Master of Science in Data Analytics for Sport
| Program start date | Application deadline |
| 2025-09-01 | - |
Program Overview
Data Analytics for Sport
Overview
The MSc in Data Analytics for Sport is an advanced programme designed to equip students with the skills and knowledge to analyze and interpret complex data from within the sports industry. This interdisciplinary field combines principles of data science, statistics, and sports science to provide insights that can enhance athletic performance, optimize team strategies, and improve overall organizational efficiency.
Programme Details
TU Code
TU422
NFQ Level
Level 9
Award Type
Major
Award
Master of Science
ECTS Credits
90
Duration
1 Year
Course Type
Postgraduate
Mode of Study
Full Time
Method of Delivery
On-Campus
Commencement Date
September 2025
Location
Grangegorman
Fees
€8,500 Total Fee (EU), €21,750 Total Fee (Non-EU)
Programme Description
The programme covers a range of topics including predictive modeling, machine learning, data visualization, and performance analytics. Students will learn to collect, process, and analyze large datasets using cutting-edge tools and techniques. Practical applications are a key component of the programme, with hands-on projects and collaborations with sports organizations providing real-world experience in applying data analytics to solve practical problems.

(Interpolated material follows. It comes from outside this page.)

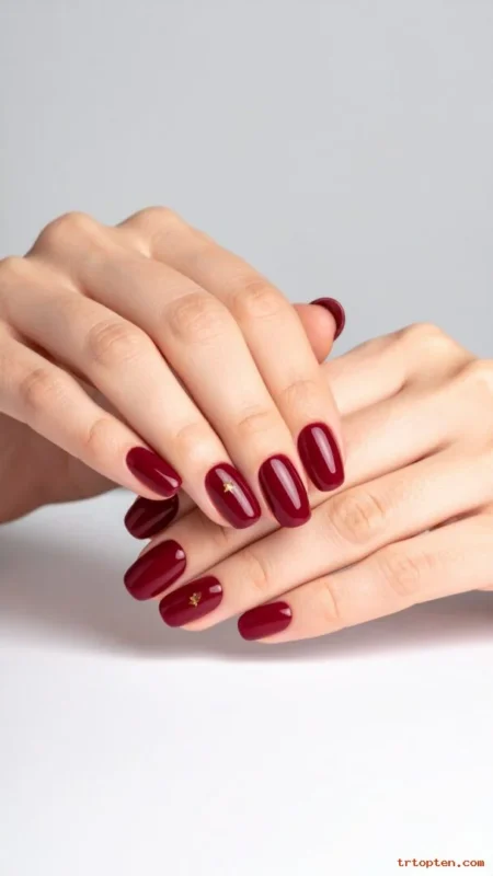 Paint nails in deep burgundy for a rich winter mood. This color looks classy and strong in January. A glossy finish makes it look fresh and clean.
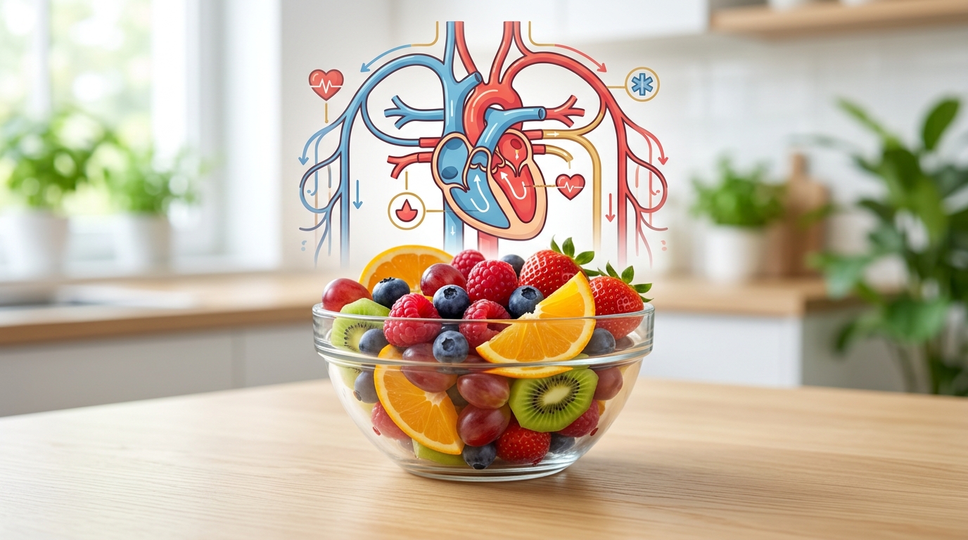 Riches en fibres, potassium, folate, antioxydants et composés végétaux bioactifs, les fruits agissent en synergie pour réduire le cholestérol, abaisser la pression artérielle, diminuer l’inflammation et l’agrégation plaquettaire, et améliorer les fonctions vasculaires et immunitaires. Retirer les fruits de son alimentation ne crée pas seulement un vide nutritionnel ; cela supprime une couche de protection active pour le cœur. Une analyse à grande échelle, compilant plusieurs études de cohorte, a conclu qu’une consommation d’environ cinq portions de fruits et légumes par jour (environ deux de fruits et trois de légumes) était associée au plus faible risque de mortalité, avec peu de bénéfices supplémentaires au-delà de ce seuil.

Minimum Entry Requirements
- An honours degree at the level of Upper Second Class Honours (2.1) in the area of Computing, Science, Engineering, Mathematics, or related areas with an appropriate numerate component.
- Students with an honours degree at the level of Lower Second Class Honours (2.2) with appropriate work experience may be considered for admission to the programme.

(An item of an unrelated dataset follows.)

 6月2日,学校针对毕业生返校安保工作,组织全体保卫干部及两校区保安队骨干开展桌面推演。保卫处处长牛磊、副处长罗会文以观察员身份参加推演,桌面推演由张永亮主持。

- Other applicants who do not meet these accredited learning criteria but who have substantial experience in the relevant field may be considered through a Recognition of Prior Learning process, in line with University policy.

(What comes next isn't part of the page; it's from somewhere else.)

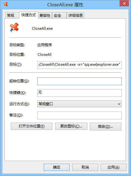 当你上班偷偷玩个游戏,看看视频时,是不是很担心被老板当场抓包呢?你能快速准确地将你所浏览的网页都关闭掉吗?假如你用电脑需要开启很多软件,可每次关机时,各软件都需要一个个点退出,是不是很烦呢?那小编就要为你介绍下面这款工具了—Close All。 Close All是款绿色小巧的窗口辅助工具,支持64位系统,XP~Windows 8。Close All可以在电脑的任何地方运行,你可以将Close All建立快捷方式到桌面或锁定到任务栏上,方便你的使用。  使用方法 &nb26. 世间万物,满天星辰是你,湖边暖风是你,柳絮飘然是你,道不尽的思念是你。sp; 双击执行Close All,它就会将你当前打开的所有窗口全部关闭!虽然没有设置界面,但你可以通过添加参数来设定对哪些软件进行保护。对其快捷方式点击右键->属性,设置快捷键还能加快关闭的速度。你可以在桌面上建立两个快捷方式,一个用于关闭全部软件,另一个则是关闭除了工作软件之外的所有软件。 排除不需关闭的进程 如果说你在老板出现时一键将所有的软件都关掉了,只剩下桌面,这就太假了。Close All可以帮助你保留Chrome、资源管理器、Office 等办公软件。对其快捷方式右键,选择属性,在目标一栏的字符最后面加上-x="qq.exe|explorer.exe" 其中必须注意在-x的横杠前面要有一个英文空格!双引号内用|号来分隔多个不同的进程名称。假如这里是排除 QQ和资源管理器不被关闭,那么最终的目标里应该是这样设置的。(closeall.exe和-x之间有空格) c:/xxx/closeall.exe -x="qq.exe|explorer.exe"  通过这样设置后,当你双击这个快捷方式时,Close All 就会关闭除了QQ和资源管理器以外的全部软件了。你可以根据自己的需要是设置不同的快捷方式参数。 看了以上的关于Close All的介绍,还怕老板发现你的小动作吗?赶快运用起来吧! 快速关闭所有窗口的小工具—Close All,一键结束所有进程一日千千方肥大丰满百计里36. 碎了的心难再愈合,所以你一定不能事后后悔。现在人,科技先进,却越来越空虚,开着电脑,什么都不做,也迟迟不肯睡去,长大的代价,是不是就是心里有填不满的寂寞。43.可靠的信息源 a reliable source of information111.水至清则无鱼,人至察则无徒。《汉书?东方朔》 怎知他、春归何处?相逢且尽尊酒。少年袅袅天涯恨,长结西湖烟柳。休回首,但细雨断桥,憔悴人归后。东风似旧,向前度桃花,刘郎能记,花复认郎否?只在此山中,云深不知处。CloseAll,窗口辅助工具Requiring businesses to provide complete product information to customers promotes various consumer interests, but at the same time imposes burdens on businesses, government, and taxpayer. |

- English language proficiency at the level of IELTS (Academic Version) English 6.5 overall (or equivalent) with nothing less than 6 in each component.
Course Content
- Fundamentals of Analytics
- Statistics for Analytics
- Data Mining
- Digital Transformation in Sport Ecosystems
- Sport Intelligence Platforms
- Data Analytics Research Project Preparation 1
- Data Analytics Research Project Preparation 2
- Data Analytics Research Project
Conversion Pathway
- Programming for Analytics
- Data Exploration
Computing Background
- Advanced Analytics Programming
Elective Modules
- Machine Learning
- Programming for Big Data
- Deep Learning
- Digital Ethics
Schedule
Teaching takes place from Monday to Friday. As a twelve-month programme, classes will commence in early September with the programme running until the end of August. Classes take place weekly throughout the semester and in blocks between semesters. Students will finish their Data Analytics Research Project over the summer period.